A) Comparison of the fraction of Trp-cage protein folded as a function of temperature for two different force fields—ff99SB (red and green curves) and ff94 (blue curve). The folding profiles for the ff99SB are practically indistinguishable for REMD simulation starting from completely unfolded states (red) and folded states (green). The ff99SB profiles cross the 50% fraction folded at T=321 K, in close agreement with experimental data (T_exp = 317 K). However, the calculated fraction of folded states is lower than measured values at low T. B) Fraction folded as a function of other order parameters that are representative of the folded Trp-cage folded structure. These parameters are rmsd (red curve--folded is rmsd< 0.22 nm), fraction of a Trp-Nε – Asp backbone carbonyl hydrogen bond (blue curve-- d < .4 nm), Arg-Asp ion pair (magenta curve -- d<0 .6 nm), and number of alpha helical amino acids (divided by five to fit the same scale in the plot, green curve). An alpha helical amino acid is an amino acid with three consecutive phi-psi angles in the alpha helical region ( ϕ= −60 +/− 30 Deg. and φ = −47+/− 30 Deg) . The maximum number of alpha helical segments observed is ten.

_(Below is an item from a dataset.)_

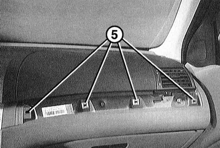 Снимите левый передний козырек -1- с панели приборов. Для его снятия можно

Figure 6. Comparison of the computed (solid line) and measured (dotted line)

a) Free energy, b) fraction folded, c) entropy and d) enthalpy, as a function of temperature.

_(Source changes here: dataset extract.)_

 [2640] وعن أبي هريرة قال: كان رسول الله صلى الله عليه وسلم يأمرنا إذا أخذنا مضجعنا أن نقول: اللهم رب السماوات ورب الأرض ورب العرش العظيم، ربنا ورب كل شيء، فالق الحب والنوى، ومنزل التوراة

Figure 7. Stability of the Trp-cage protein as function of temperature and pressure

A) Average energy difference between unfolded and folded state ensembles calculated at various temperatures for a system at low pressure. B) Average energy difference between unfolded and folded state ensembles calculated at various temperatures for a system at high pressure. The uncertainties are calculated over five, 100 ns long, time segments. C) Fraction of the ensemble folded as a function of temperature. The two curves show the results obtained from simulations at low and high average pressures. The solid lines are the best χ² fit of the thermodynamics of the system, following a fitting procedure described in the text. The parameters describing the changes in Gibbs free energy are shown in table 1. D) Pressure-Temperature stability diagram for the Trp-cage protein. The contours for ΔG(P,T)=0 (contour closer to P=0 and T=320K), −5, −10,−15 kJ/mol are elliptical. The free energy profile shows small pressure dependence and the protein will require high pressures to unfold at low temperatures. The dotted lines represent the states sampled during the REMD simulations at low (blue) and high (red) densities. The black solid line represents the ΔV=0 isochore. The red solid line represents ΔS=0. All states above this curve decrease stability upon cooling, and have higher entropy in the folded state than in the unfolded state.